The US added 528,000 jobs and the unemployment rate fell to 3.5 percent in July, according to data released Friday by the Labor Department, a stunning gain that defied predictions of a slowdown.
Economists expected the US to have added roughly 250,000 jobs in July and keep the jobless rate at 3.6 percent, according to consensus estimates released before the report.
But the economy added more than double the number of jobs experts predicted, even as consumer confidence plunged and gross domestic product shrank over the first half of the year. The jobless rate also returned last month to its pre-pandemic level of 3.5 percent, which in February 2020 set a 50-year low for unemployment.
The stunning July job gain will raise questions about how close the US economy actually is to a recession after months of growing concern over a sharp slowdown. The resilience of the labor market also means the Federal Reserve may have more room — or at least feel more pressure — to rapidly raise interest rates and fight inflation without fears of triggering steep job losses.
“If you thought the economy was in a recession, you were wrong. Demand for workers skyrocketed in July, far exceeding expectations. Paired with falling gas prices, the economic outlook for the third quarter starts looking better,” wrote John Leer, chief economist at Morning Consult, in a Friday analysis.
“Today’s numbers also increase the likelihood of more aggressive rate hikes by the Fed as it tries to tame inflation, and downside risks remain elevated later in the year.”
July’s job gain has now brought the total number of Americans employed back to its level before the onset of the COVID-19 pandemic in 2020, which wiped out roughly 21 million jobs in two months. The vast majority of new jobs came in service sector industries that have struggled to meet stimulus-fueled consumer demand.
The leisure and hospitality sector, which is still below its pre-pandemic employment level, led all other industries in job growth with a gain of 96,000 jobs. Restaurants and bars added 74,000 jobs alone.
Professional and business services firms added 89,000 jobs in July and employ almost 1 million more workers than they did before the pandemic. Health care employment rose by 70,000 and government employment rose by 57,000 in July, helping those sectors continue to recover jobs lost to COVID-19.
Even sectors of the economy hit hard by higher Fed interest rates and high inflation posted notable job gains.
Construction employment rose by 32,000 in July, retailers added 22,000 jobs, and transportation and warehousing added 21,000 jobs.
“Strong employer demand is continuing to support the solid, and increasing job gains. With continuing fear and debate over a recession, the labor market does not look like it is teetering on the edge of a recession,” wrote Daniel Zhao, senior economist at Glassdoor, in a Friday analysis.
“The labor market remains a pillar of strength, holding up the economy even as the economy slows around it,” he wrote.
The stunning July jobs gain could give President Biden and Democrats a useful boost with just three months until the November midterm elections. While election forecasters expect Democrats to lose their majority in the House, stronger confidence in the economy could help Biden’s party limit its losses in the lower chamber and preserve—or even expand—its Senate majority.
The Labor Department also revised the May and June job gains by a combined 28,000 jobs, meaning the US has added a total of 1.3 million jobs over the past three months.
“More people are working than at any point in American history. That’s millions of families with the dignity and peace of mind that a paycheck provides. And, it’s the result of my economic plan to build the economy from the bottom up and middle out,” Biden said in a Friday statement.

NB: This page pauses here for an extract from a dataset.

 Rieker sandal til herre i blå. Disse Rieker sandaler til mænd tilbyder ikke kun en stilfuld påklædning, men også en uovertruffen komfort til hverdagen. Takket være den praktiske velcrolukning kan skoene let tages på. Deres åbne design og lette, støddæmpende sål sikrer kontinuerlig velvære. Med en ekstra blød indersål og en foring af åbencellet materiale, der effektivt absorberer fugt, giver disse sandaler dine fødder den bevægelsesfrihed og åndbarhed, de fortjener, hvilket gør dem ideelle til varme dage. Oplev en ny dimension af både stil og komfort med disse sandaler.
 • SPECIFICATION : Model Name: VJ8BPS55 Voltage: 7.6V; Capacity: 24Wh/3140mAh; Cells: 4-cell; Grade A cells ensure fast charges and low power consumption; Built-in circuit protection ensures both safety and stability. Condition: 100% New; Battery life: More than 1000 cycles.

“I ran for president to rebuild the middle class – there’s more work to do, but today’s jobs report shows we are making significant progress for working families,” he said.
While the July jobs report is a welcome break from recession fears for Biden, there are still serious risks looming over the economy that could flip the picture before the midterm elections.

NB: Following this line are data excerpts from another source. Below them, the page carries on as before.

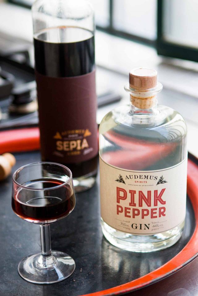 David A. Embury says in The Fine Art of Mixing Drinks that itโs probable that honey was added in the creation of the drink at the time to improve the taste of bathtub gin. Fortunately gin these days is a lot better and in France, gin has become an art form with lots of people making, and discovering, gin. Audemus has done an admirable job with their Pink Pepper gin, which Iโm happy to add to my liquor shelf next to my treasured bottle of Sepia Amer.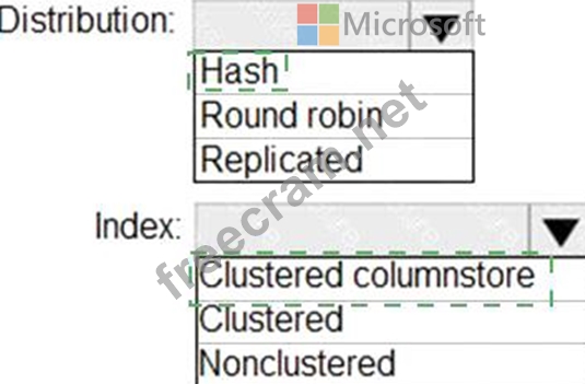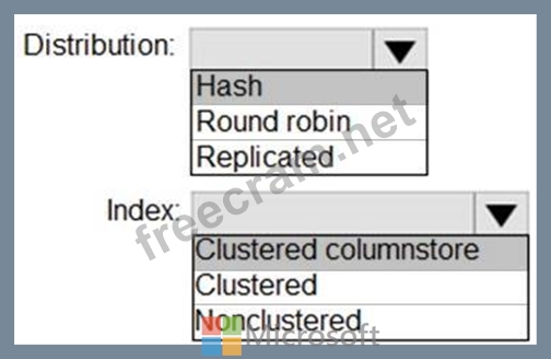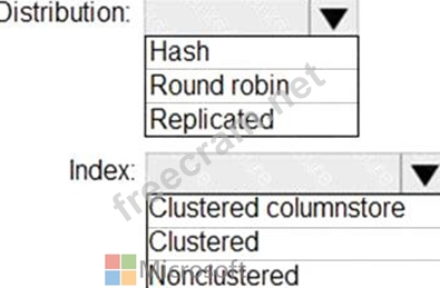 You need to recommend which distribution type and index type to use for the table. The solution must provide the fastest query performance.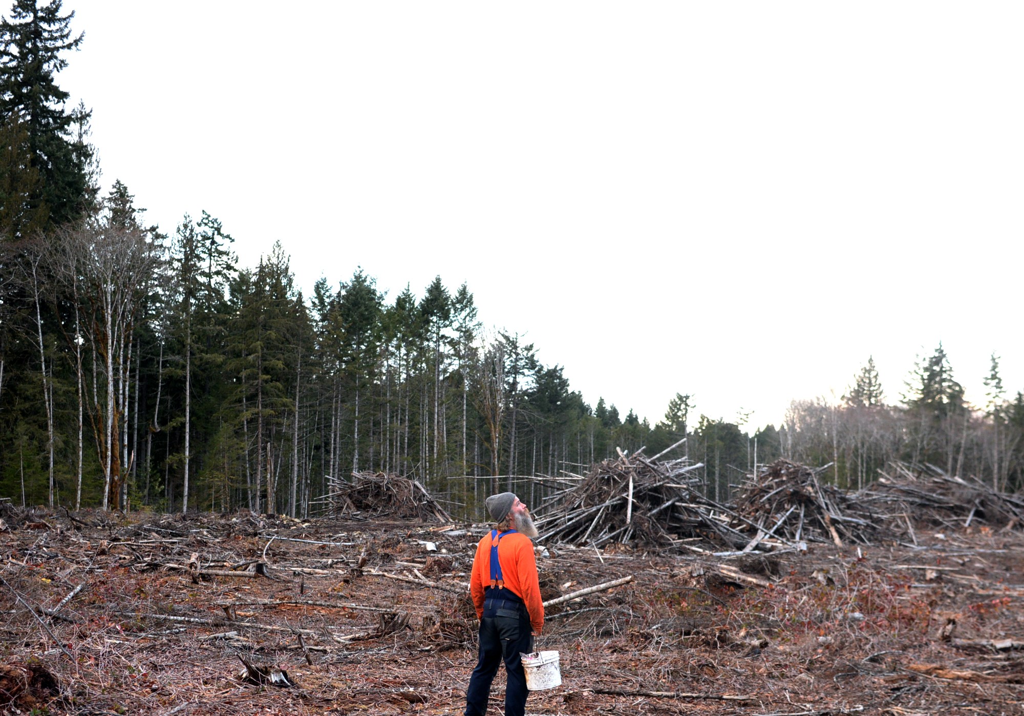 the next day dharma and i go in search of the clear cut i can see across the river. we head up the steep bank and he knows of an old skid road somewhere in the bushy undergrowth. when the road is found, a grove of maple, alder and douglas fir is also, a natural amphitheatre of beauty, a small still pond with a mossy bottom, the perfect spot for a cabin in the woods. the skid road brings us to the logging road in the midst of clear-cut. we continue on the road and break off at a hill, up the hill there are fresh elk tracks, and on the other side, oh…. a ridge-line brings a view, stupendous, breathtaking. standing in the treeless land the thoughts come when you are there beholding. there is both wonder and sadness, but also a whole mix of so much in between. they have logged to within 5 meters of the river bank. thank you stephen harper for your foresight and thought of future generations. dusk is approaching as we turn south towards home and stumble upon beauty after beauty. a cliff-side moss carpet overlooking the river – a perfect spot to camp and watch the stars. then in a valley, a dark soft wet grove of enormous moss-laden old-growth fir and cedar. we wade the river in the encroaching darkness – my pants get wet in the icy thigh-high water (i thought it was only shin deep) – and finally find the way back to the trail as the moon begins to light the way.
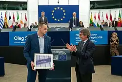 25 октября 2018 года Олег Сенцов был удостоен премии имени Сахарова[94][95][96]. 12 декабря премия была вручена двоюродной сестре Сенцова Наталье Каплан. При вручении премии председатель Европарламента Антонио Таяни заявил, что Сенцов мирно выражал протест против «аннексии Крыма Россией», решительно выступая за демократию и верховенство права. За это он был осуждён в России по политическим причинам, подчеркнул Таяни[97].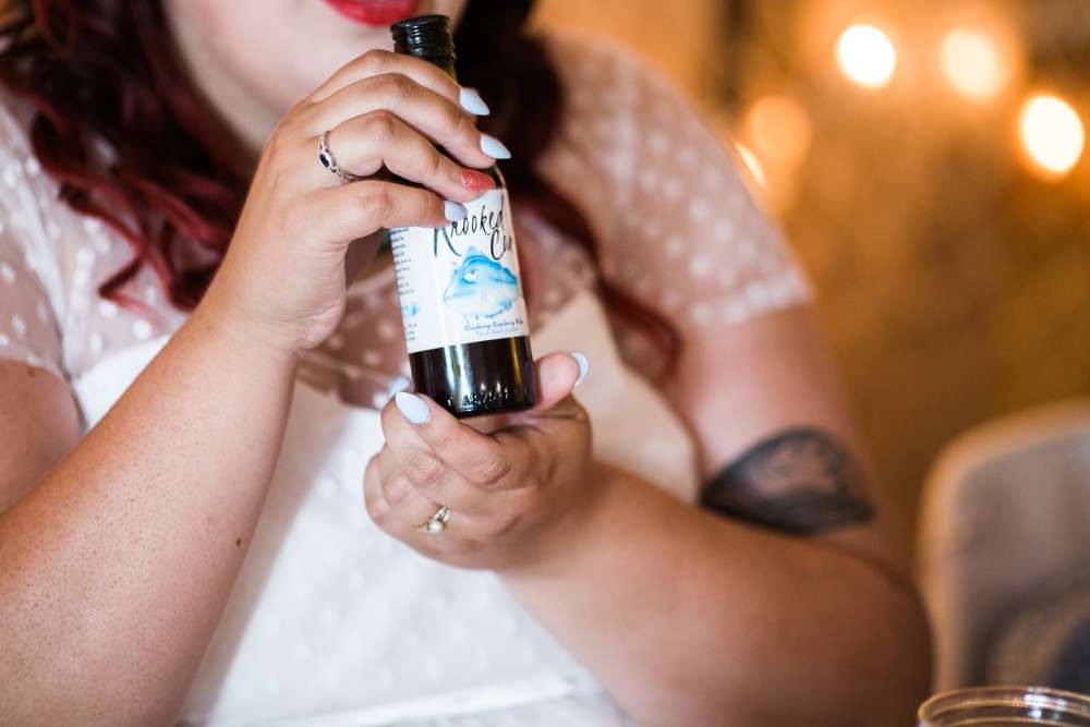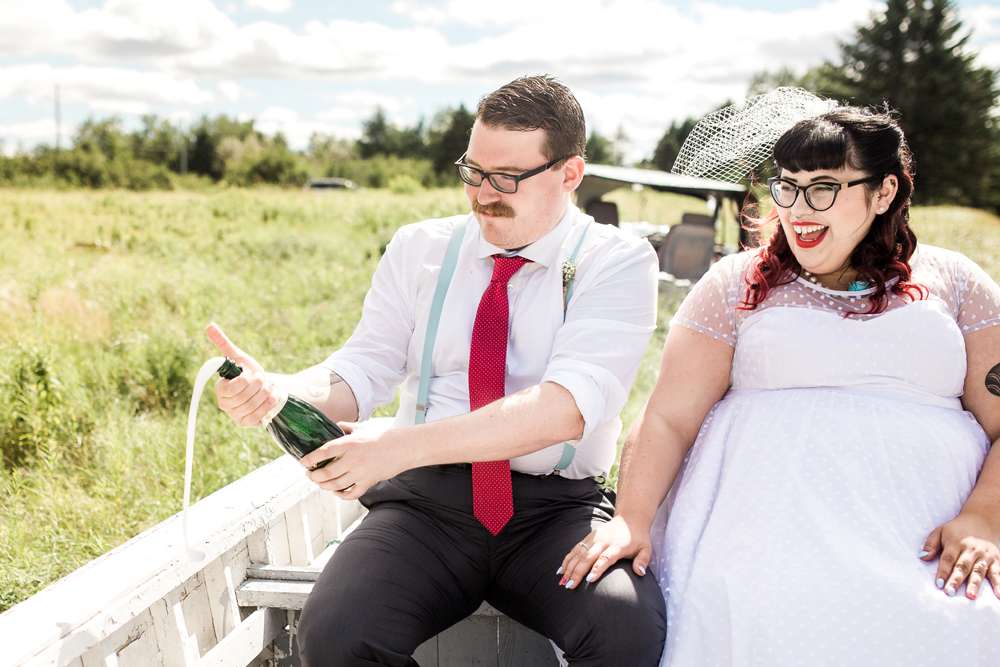 “Our wedding was far from traditional and we added our own twist to as much of it as possible. For catering we hired a chip van. Our guests were served onion rings, deep fried pickles and fish n chips! In lieu of a best man or maid of honour speech, our sisters decided to give us a ‘roast and toast’, which was both sweet and super embarrassing. My aunt performed a Screech-In ceremony which is a local ritual performed on folks from out of the province so that they can become honorary Newfoundlanders. It involves shooting awful rum and kissing a fish! Drew and I are both really into karaoke so we had to include some during the last hours of the reception too!”

Labor force participation remained almost stagnant in July, which is little relief for businesses competing to fill jobs from a workforce still 1.3 percent smaller than it was in February 2020. Wages also grew by 5.2 percent over the past year, a rapid clip that some economists fear will fuel higher inflation.
The Fed has been hiking interest rates since March with the goal of slowing job growth to a pace that won’t drive inflation higher or force businesses to rapidly raise wages. A slower economy would also force businesses to avoid raising prices as consumers have less financial room to chase inflation.
The lack of an expected July job growth slowdown may push the Fed into even faster rate hikes, which risks shocking the economy into a recession.
“The Fed won’t take any solace in the strong job numbers. Policymakers’ priority is cooling wages and price pressures, so they want to see unemployment edge higher,” said Mark Zandichief economist at Moody’s Analytics, in a Friday tweet.
“That would take monthly job gains of well below 100k for a while. The Fed will get what it wants in the coming months,” he said.